A bit of caution may be required here.
Normally with the motor stopped for a reasonable period, the refrigerant pressure equalizes across the compressor. When the motor starts up, initially it sees zero back pressure.
As the motor quickly accelerates up to full running speed, the back pressure rises very steeply within a couple of seconds up to full working differential pressure.
Induction motors generally produce very low starting torque without a heavy start winding.
The problem is, that you cannot soft start a piston refrigeration compressor with an induction motor. It will simply stall against the steeply rising pressure at start up, then burn out with a locked rotor. It needs fast violent acceleration up to near synchronous speed before the back pressure can rise sufficiently to be a problem.
You can certainly try to reduce the inrush, and it may just work. But one day it may fail to start, and then the motor may be in trouble.

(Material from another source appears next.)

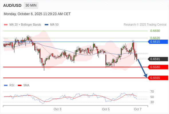 在 0.6615 之下,看跌,目标价位为 0.6585 ,然后为 0.6565 。

The expensive oscillating piston compressors now recommended for off grid use do not have this problem, because the amplitude of oscillation reduces under high back pressure but it can never completely stall into fully locked rotor the way an induction motor driven compressor can stall.
I know my own 120 watt capacitor start induction motor compressor has an inrush of 10.6 amps rms (2.5kW) and it takes fully two seconds to creep back down to 120 watts.
My home brew 1.8 kW sine wave inverter handles that inrush easily even with other loads.